Nothing wrong with a separation. You change nothing nothing change.

Or you continue your live your life with this lump.


----------



## 2become1 (Dec 26, 2017)

Sounds more of a roommate. So sad...


----------



## Davidmidwest (Nov 22, 2016)

Hi,

Read Dr. Laura's book first. Find a way to re-kindle, get him a check up. Depression and diabetes can effect libido. Diabetes and the hard work to control sugars can make one depressed. It makes me depressd. Viagra and Cialis helps a little bit. but romance, feeling appreciated, just enjoying being touched and taking ones time can improve the bedroom stuff. It is hard, see a sex therpist, a m.D.together, and marriage therapist. Choose one from the Gottman institute. Anyone not recommended from that institute will mostlikely be the ruin of your marriage. Good luck. I sure wish I had a wife like you. whatever you do talk to your girlfriends and don't confide in a man outside the marriage or else you will succomb to an affair. 

Here is a life line, but both must want it...
Good luck
David.

You both need to listen to the audio CD book by Dr. Laura Schlessinger, Proper Care and Feeding of Marriage. and all the mariage books by John Gottman, P.H.D. It will be the best thing you ever do for each other, Give love and appreciation as if you were to see your spouse the last time. You will get 100 x more love in return, It works.


These are the instruction manuals if you both love each other and want to be married to age 92. The day of marriage isn't the end goal, The end goal is what you are going to accomplish together. Look up the work Beshera and Marriage within a marriage in the book/read this one too...How to stop looking for someone perfect and find someone to love by Judith Sills,Book No more perfect Marriages; Mark and Jill Savage

What Makes Love Last?: How to Build Trust and Avoid Betrayal
byJohn Gottman Ph.D.

Customer Review
5.0 out of 5 starsMUST MUST READ, LISTEN TO AUDIO BOOK, AND DO EXERCISES. MARRIAGE DEPENDS ON IT.
ByDavid L.on February 13, 2017
Format: Paperback|Verified Purchase
A must read along with this 7 principles and 10 things.

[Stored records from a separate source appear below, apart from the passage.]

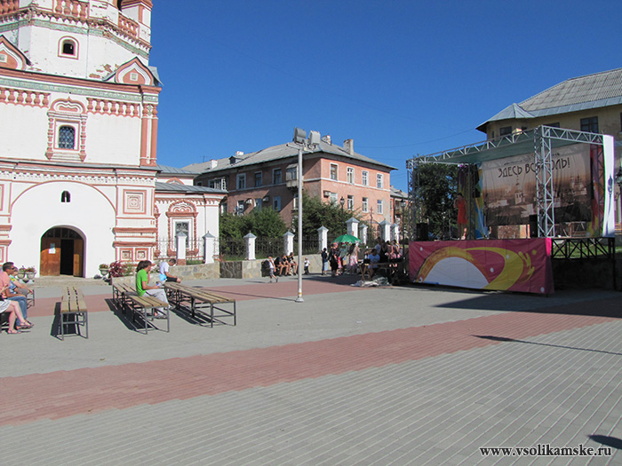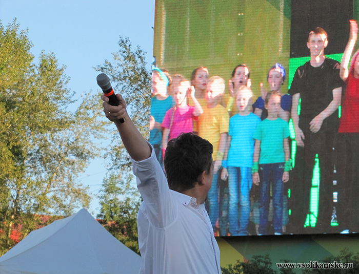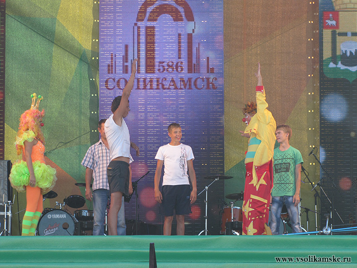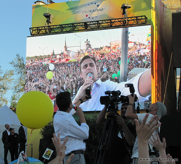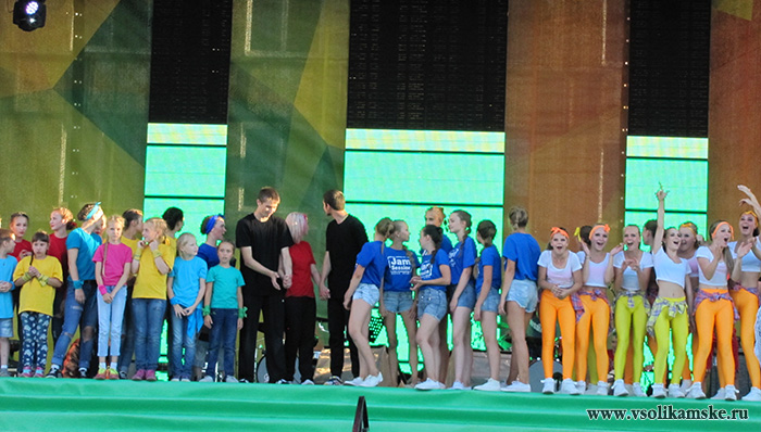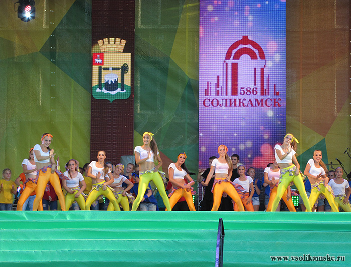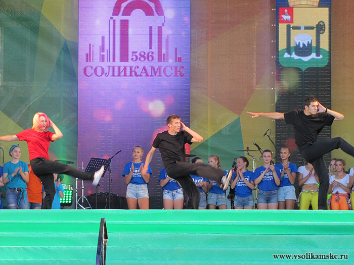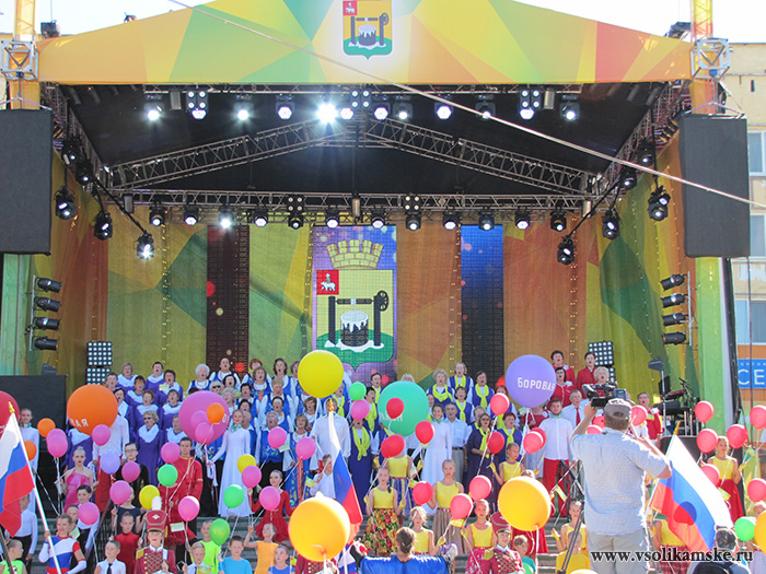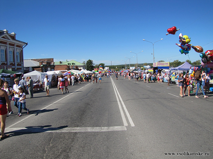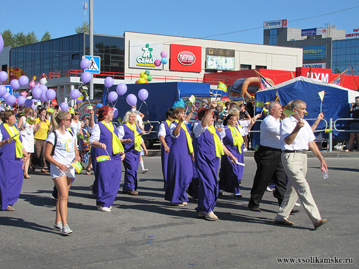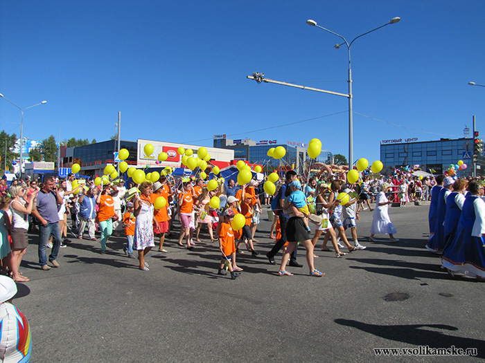На центральном перекрестке началась суета. Всех попросили уйти за ограждения. Наступило время Первого соликамского фестиваля «Городское единство». Около тысячи жителей города прошли колонной. Затем на сцене 4 хора исполнили гимн города.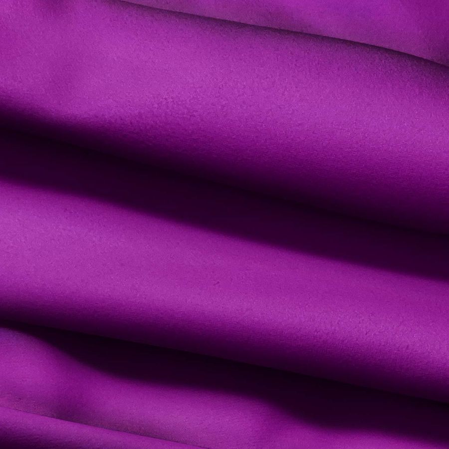 La tela base de esta prenda es una microfibra para toalla, compuesta por 100% poliéster con un gramaje de 200 gr/m2 y un ancho de 160 cm. El color liso impreso es morado-púrpura real, con una tinta Cyan de 64, Magenta de 100, Yellow de 4 y Black de 1, según el modelo CMYK. Este color ofrece una sensación de misterio, creatividad y riqueza, combinando perfectamente con tonos más claros de rosa, verde, azul y blanco.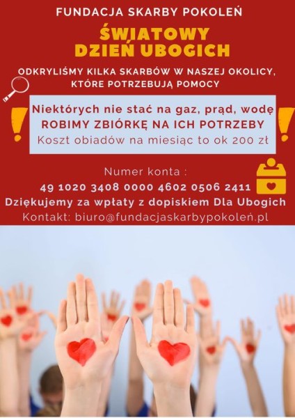 Z tej okazji uruchomiliśmy zbiórkę na rzecz Skarbów lokalnych, które potrzebują naszej pomocy. Chcemy na zimę kupić i dostarczać im ciepłe obiady, bo niektórzy żyją bez prądu, wody, gazu.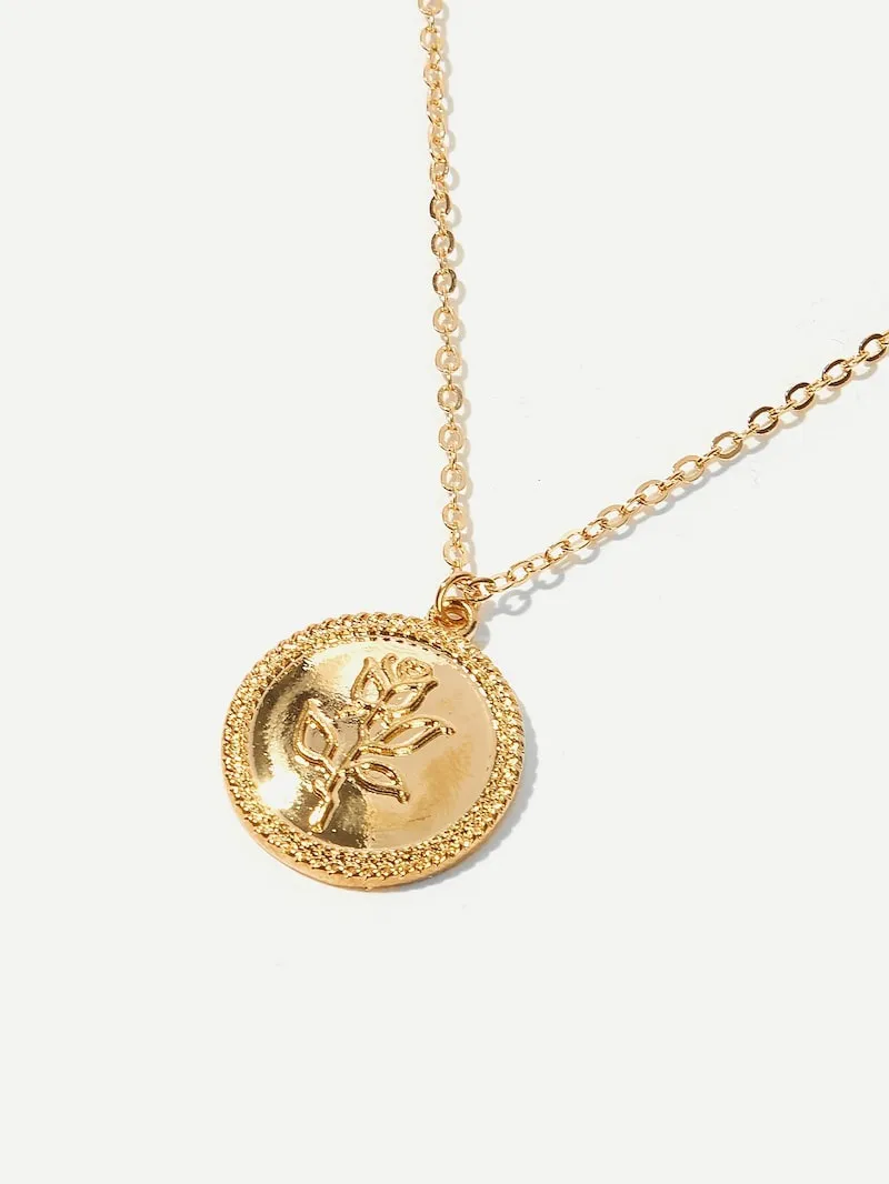 Golden Coin Rose Necklace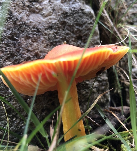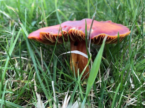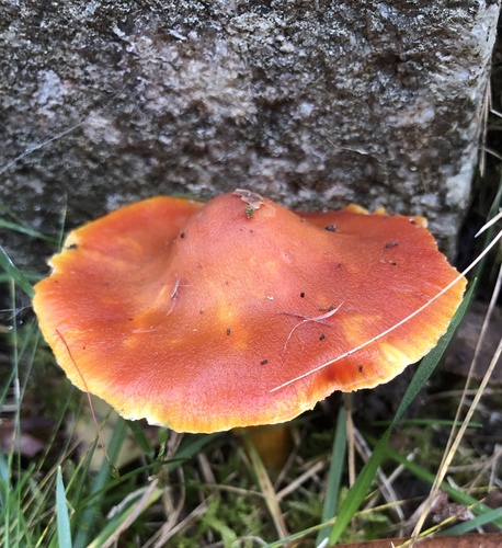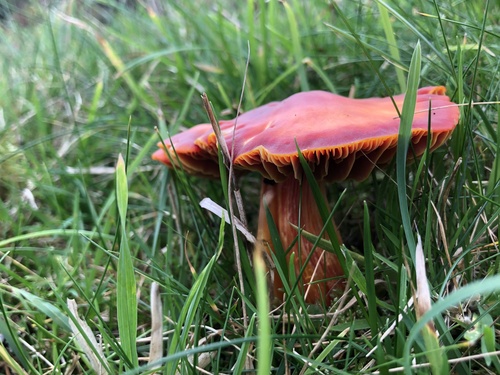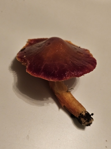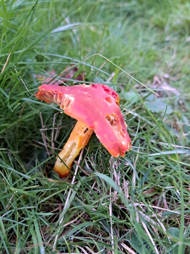 Der 2–8 cm breite Hut ist rot-orange gefärbt. Die Form ist meist kegelförmig, schirmförmig, andere. Er ist hygrophan (Die Hutfarbe ändert sich bei Feuchtigkeit).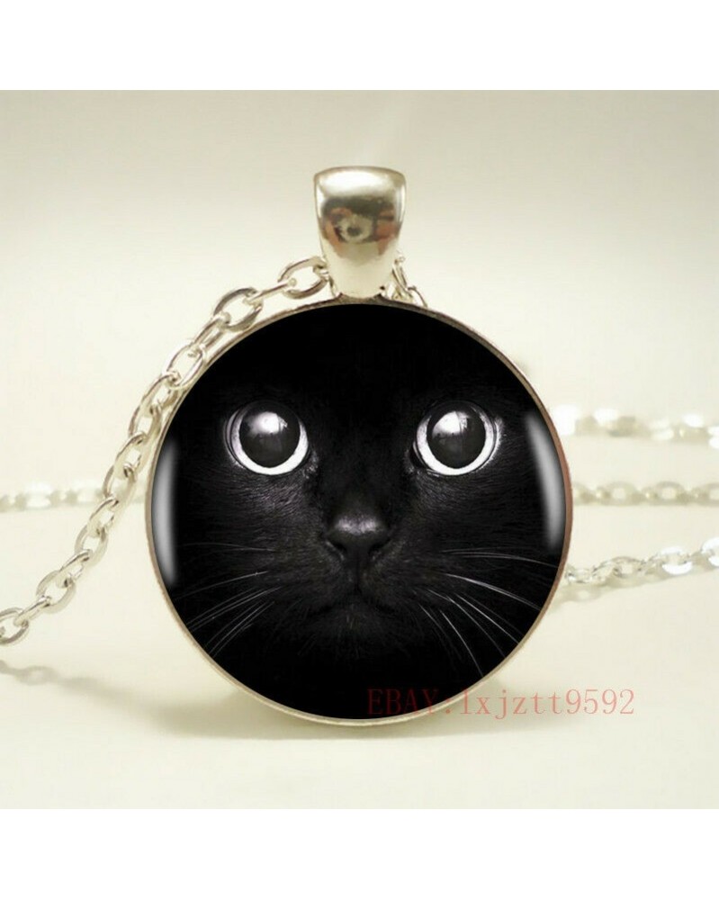 Nincs szín - 1db Black Cat Face Tibet ezüst medállánc nyaklánc Női ékszer ajándék

Every couple should listen to the audio book and read the book or get the books to do the exercises. They should learn these principles in this book and apply them. It is the hardest thing you can do is deal with feelings, ask for needs met that both win. It really could save a marriage and get both on track for a more satisfying relationship, intimacy inside and outside the bedroom. I wish I had this book before the last horsemen came to our house, "contempt." by that stage the relationship is done with no chance of recommencement. A must do before marriage and after. What I mean to talk to your spouse and lay it on the line is hard for wive's and husband's to communicate so close that you become one person. It's scary. There just be enough trust to share but you have to because it gets to the bottom of problems after emotions and feelings, then needs are met. You will feel naked, afraid, embarrassed, and maybe reconnect. Good luck. Another poster did not like the analogies. But the analogies about boxes, outside the zone, or where you close yourself off to your partner are good. The author explains why we close each other off, don't get close via emotional and sensually sexual to bond. The author tells us how to fix it. I would even say to Gottman's retreats and get a marriage counselor too to work through the issues that repeatedly come up and don't change. The three books I mentioned along with the Audio CD's is a must. Please buy them. It can save a marriage. It is amazing how stupid we act when a woman don't get the feeling of being emotionally close to her husband and listened to and a husband isn't admired and thought of a good man and provider. You will learn how to relate by learning opportunities tha build each other up and not tear down. Women bond due to emotional level that is given from the husband. The the husband provides an emotional connection which equals many lovable payoffs to a husband. The wife provides admiration and affection the husband. He will feel wonderful and provide multiple communicative and affectionate actions toward his wife in which she will love and reciprocate more freely.


----------



## Lukedog (Nov 18, 2015)

Your not alone Mystic. You have described my marriage pretty much to a T. We have been married 22 years, and I have told my husband for years we live like roommates and not as husband and wife. No communication. No sex (maybe 2 times a year...and for me it's "duty" sex)...no intimacy....no touching or hand holding...no cuddling. Just a peck in the morning and a peck at bedtime. 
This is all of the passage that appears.